At a news conference during the week of festival summer rehearsals, Waits talked about being the rose queen.

“What a blessing and honor it has been for me to serve as the 2019 rose queen,” she said. “Since the beginning of the year, I have really enjoyed promoting the rich history of the Texas Rose Festival and the impact it has on the East Texas community. I am proud to be from Tyler and that our city is known everywhere as the Rose Capital.”

She acknowledged the festival’s hundreds of volunteers.

“On behalf of this year’s court, thank you to all the men and women who are working behind the scenes to make another spectacular festival come to life.”

Family tradition

Waits is a sophomore at the University of Oklahoma, where she is majoring in finance and accounting with a minor in sports management. She is active in her sorority, Kappa Kappa Gamma, and is a member of the Sports Management Club.

During the last two festivals, Waits has served as a backstage dressing assistant. Her mother was a lady-in-waiting in 1981 in the court of Rose Queen Kay Fair. Mrs. Waits also has served in many volunteer roles, including as head of the Queen’s Coronation and Queen’s Tea committees.

Waits’ father was president of the Rose Festival Association executive committee in 2017. The committee is in charge of overseeing all aspects of the festival, which traditionally draws about 100,000 visitors over four days.

Other family members who have worked behind the scenes are her grandmother, Jean Hanna, whose credits include chairing the Rose Show. Her uncle, Chad Tolbert Hanna, was an escort and her aunt, Sheri Hanna, spent years in volunteer service. Her cousin, James Chad Hanna, has been an escort, and this year another cousin, August James Hanna, is an attendant to Rose Queen Hanna.

The gown

The rose queen is the star attraction at the Queen’s Tea, Rose Parade and Queen’s Coronation, the ceremony in which she is ceremonially crowned.

This year’s festival is set for Thursday through Oct. 20. The Queen’s Coronation takes place in two performances Friday at the University of Texas at Tyler’s Cowan Center.

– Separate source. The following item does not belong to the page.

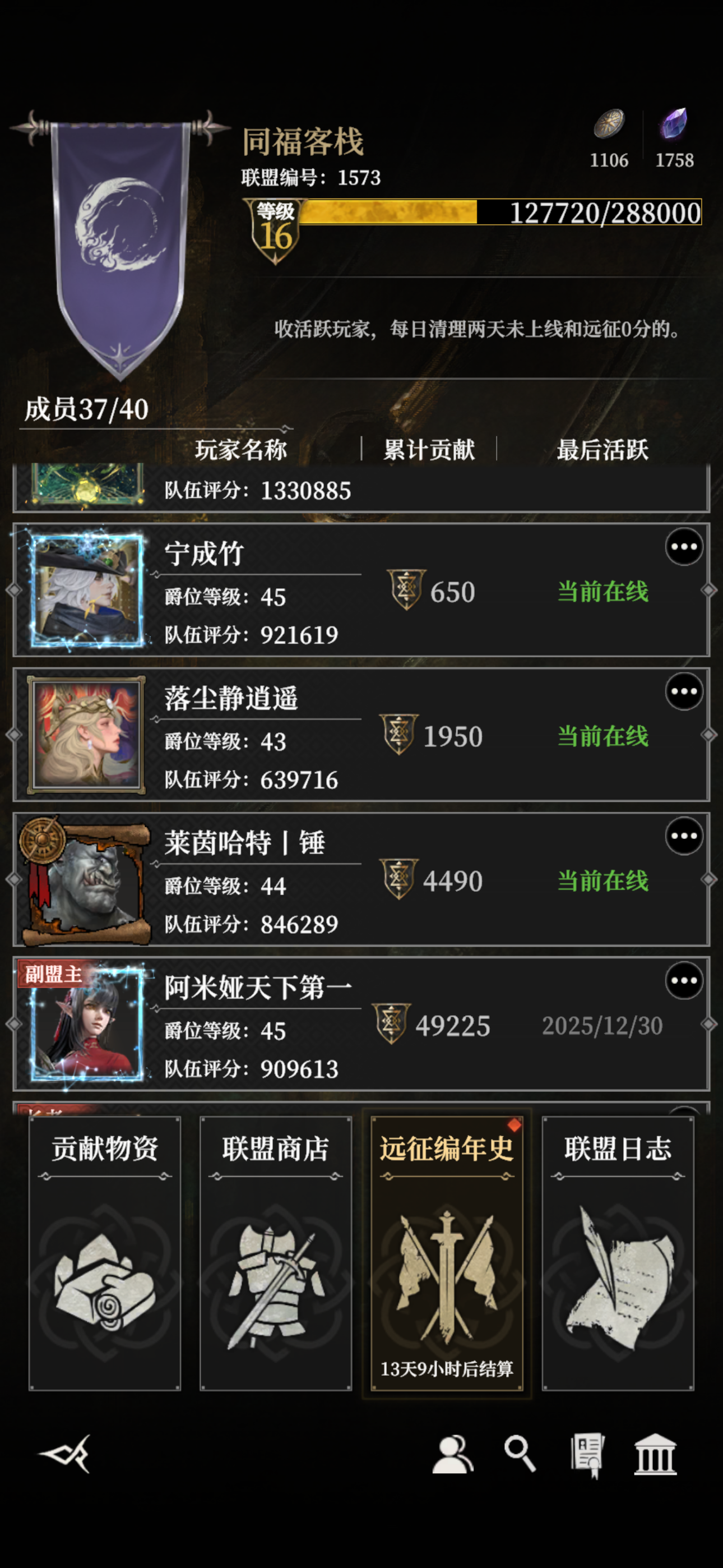 如题,养老咸鱼,以前的能跑完了我成盟主了,找个有活人的盟拿点活动奖励,有意的踢一脚
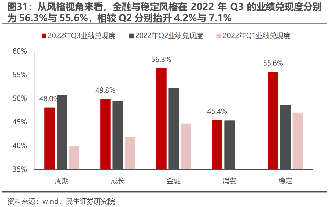 而从风格视角来看,金融与稳定风格在2022年Q3的业绩兑现度分别为56.3%与55.6%,相较Q2分别抬升4.2%与7.1%。其中公用事业、银行的2022年Q3业绩兑现度高达63.2%与58.1%,是相关风格强业绩兑现能力的主要贡献。相较而言,周期相较Q2略下滑2.7%,而消费、周期与成长则变化并不明显。

Waits will take the stage wearing a gown with a long train and a crown designed by Winn Morton, who is famous for his creations.

Mrs. Waits said she and her daughter had some ideas about what they wanted the gown to look like but basically left Morton to do his magic.

Attached to the train are more than 10,000 beads, sequins, rhinestones and Swarovski stones. Also sewn into the fabric are 1,000 specks of mirrored glass to ensure that the train will sparkle brilliantly.

“It’s spectacular,” Mrs. Waits said of the dress.

Morton said that for Waits, he designed the tallest crown ever worn by a rose queen.

Mr. and Mrs. Waits got their first look at their daughter in her full coronation regalia during a rehearsal this summer.

Mrs. Waits said it took her breath away.

“It’s such a big deal when the rose queen finally comes out in the dress (during the coronation),” Mrs. Waits said. “And she’s so beautiful in it.”

Mr. Waits added, “I really appreciate all the work that went into it. It is bigger and better than what I thought it would be.”

He said he is pretty sure what will happen when he sees his daughter onstage during the coronation.

“Of the two of us (he and his wife), I’m the crier,” he said. “I’ll be crying.”